§ Task details: Please transcribe only the lines between the one containing "फीफा विश्वकप से" and the end of the records, both ends included, exactly as written; skip every picture.

§ Items listed in a dataset:
======

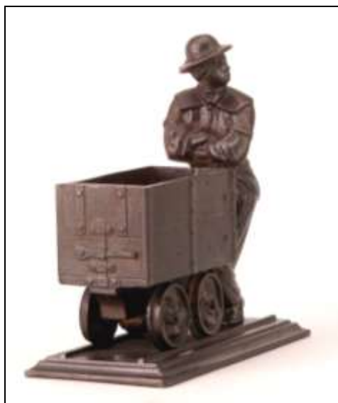
2. kép. Csillére támaszkodó bányász, előlről.
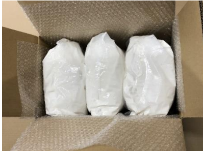
扱いやすい小分けタイプ

ケースからポリ袋入りのセルフルを取り出し、ポリ袋ごと充分ほぐして全体を均一の柔らかさにしてからバケツなどの容器に入れてご使用ください。ポリ袋をほぐす際は袋が破れないようにご注意ください。 電動のカクハン機を使ってしっかり練ると柔らかくなり過ぎますので、軽く混ぜる程度で調整してください。
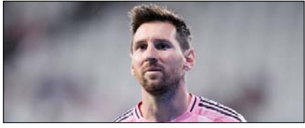
फीफा विश्वकप से पहले मेसी के पैर में लगी चोट खेल टाइम्स
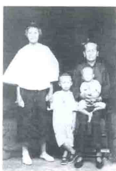
外婆抱着作者与母亲和哥哥于1927年摄于白宫照像馆。

======

§ Reply to the exercise:
फीफा विश्वकप से पहले मेसी के पैर में लगी चोट खेल टाइम्स
外婆抱着作者与母亲和哥哥于1927年摄于白宫照像馆。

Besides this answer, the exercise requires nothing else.